S. Africa plans next phase of new 2,500 MW nuclear power plant
CAPE TOWN, Sept. 21 (Reuters) – South Africa is moving forward with plans for a new 2,500 megawatt nuclear power plant to boost energy security and wants to end the process of supplying ‘by 2024, the deputy energy minister said on Tuesday.
“We plan to publish the call for tenders (RFP) for the 2,500 MW nuclear program at the end of March 2022 and complete the supply in 2024 to support the reconstruction and economic recovery plan and ensure the security of the ‘energy supply,’ Nobhule Pamela said in a speech. at the International Atomic Energy Agency (IAEA), according to a copy of his speech.
With the government not launching a request for information until June of last year to test the market’s appetite for the new plant, and the procurement process is still in its infancy, it does not There were no immediate details on the estimated cost or the project completion date.

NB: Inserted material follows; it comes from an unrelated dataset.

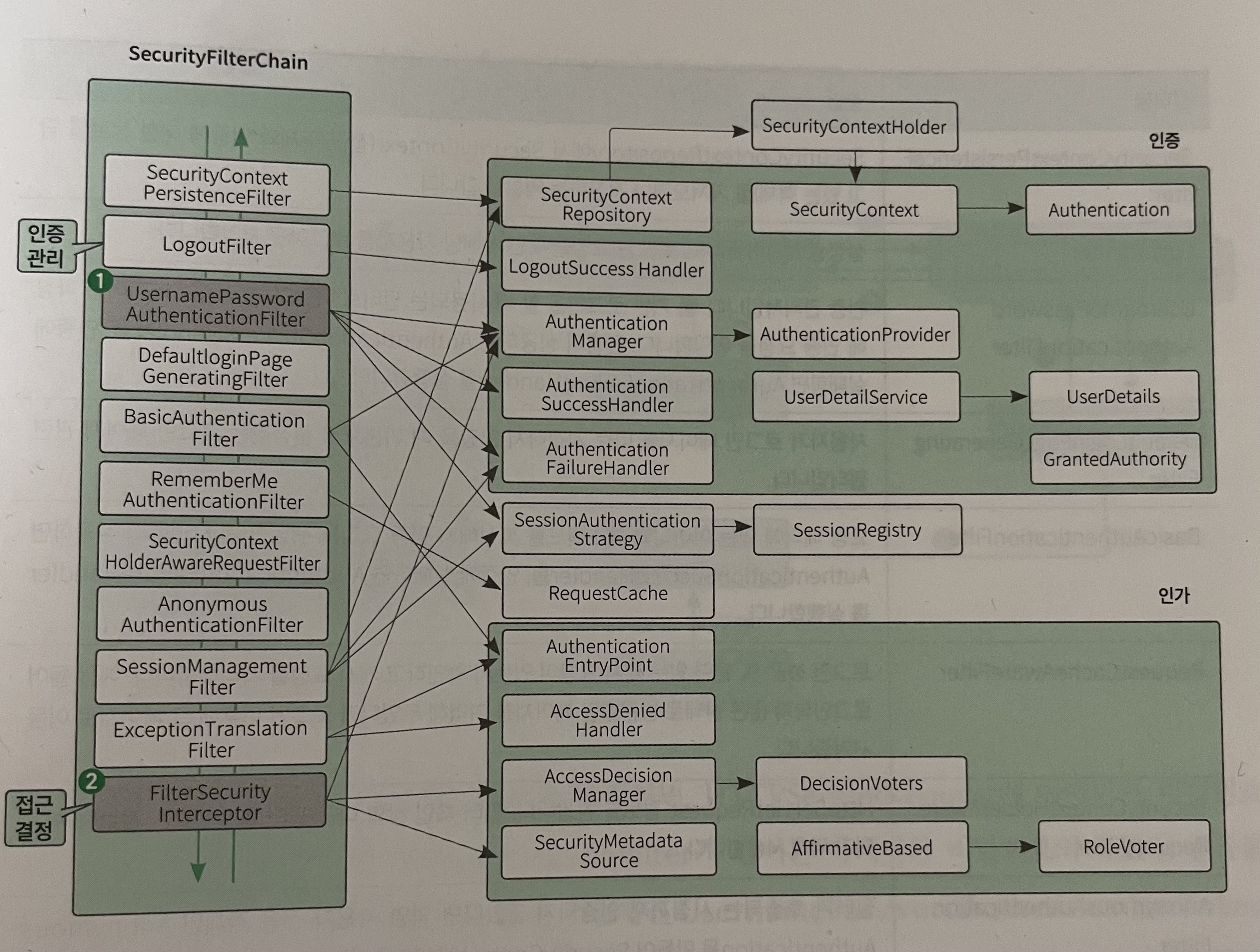스프링 시큐리티는 다양한 필터들로 나누어져 있고, 각 필터에서 인증, 인가와 관련된 작업을 처리한다.
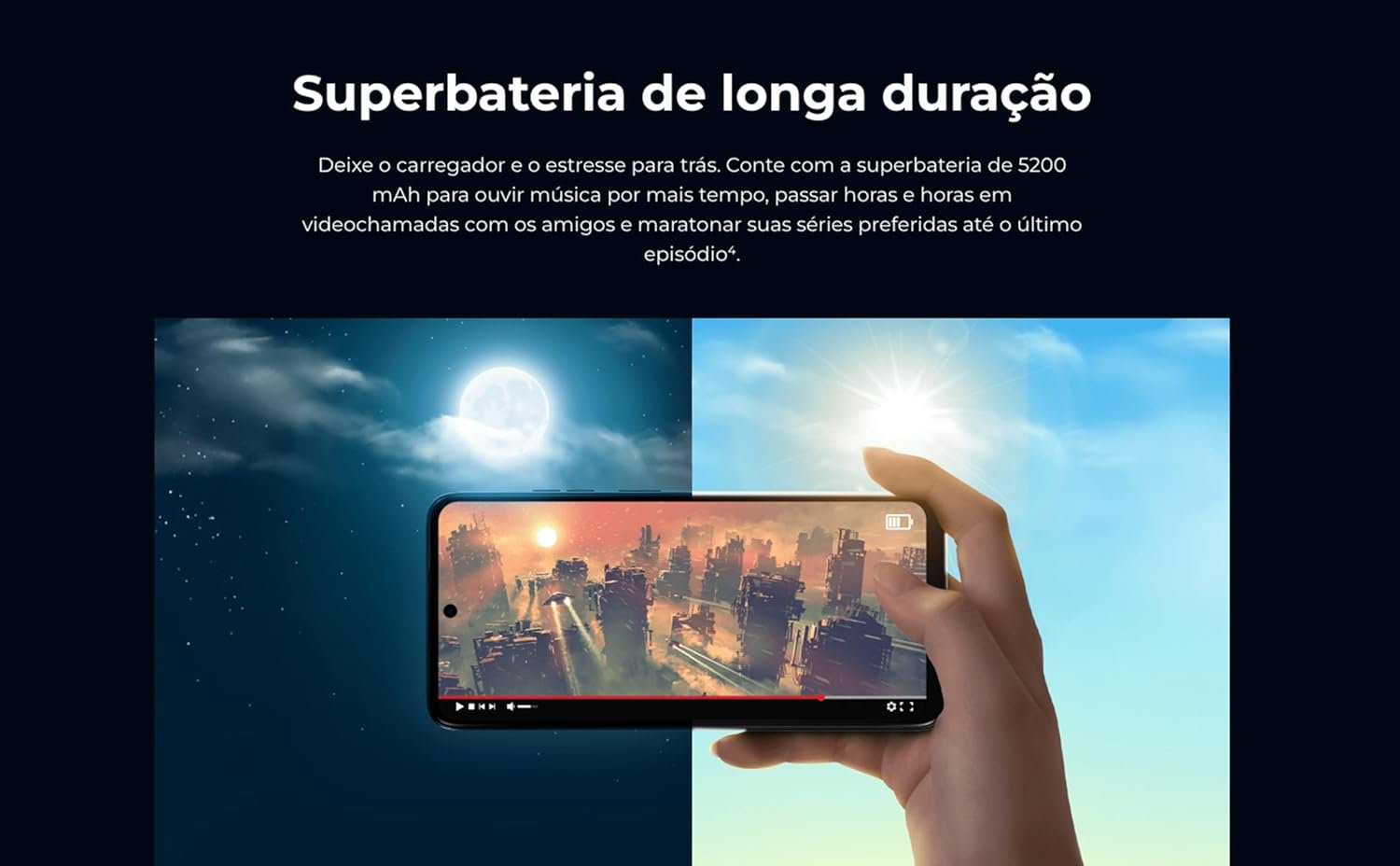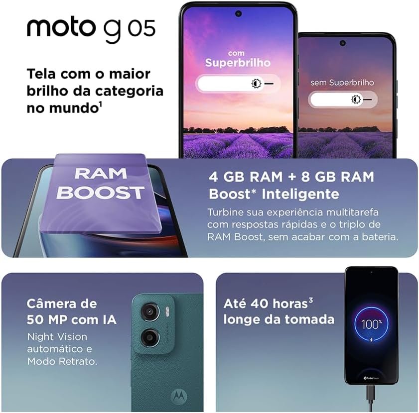Com o moto g05, aproveite a tela de 6,7” com o maior brilho da categoria¹ no mundo (até 1000 nits), oferecendo clareza mesmo sob luz direta do sol. O desempenho é potente, com até 12 GB (4 GB RAM + 8 GB RAM Boost³ Inteligente), garantindo multitarefa rápida sem travamentos. A câmera de 50 MP com inteligência artificial e Night Vision automático captura fotos nítidas e retratos vibrantes, inclusive à noite. A superbateria de 5200 mAh oferece até 40 horas⁴ de uso.

South Africa’s energy regulator last month backed a long-term government plan to build new nuclear power plants, a move that could help the country move away from coal and switch to power generation. less carbonaceous.
Africa’s most industrialized economy has the continent’s only operating nuclear power plant, a 1,900 megawatt (MW) facility outside Cape Town that was built under apartheid.
However, much of its electricity supply comes from a fleet of coal-fired power plants that spew harmful emissions into the air, many of which are set to close within a decade as South Africa cuts emissions.
South Africa, which regularly experiences power outages due to the erratic power supply, said it will look to expand its nuclear capacity at a rate and when it can afford, after giving up in 2018 a massive nuclear expansion plan defended by the former president, Jacob Zuma. .
Analysts had expressed serious concerns about Zuma’s plan for a nuclear power plant network totaling 9,600 MW, as it would have strained South Africa’s public finances as it faced a series of deterioration of its credit rating.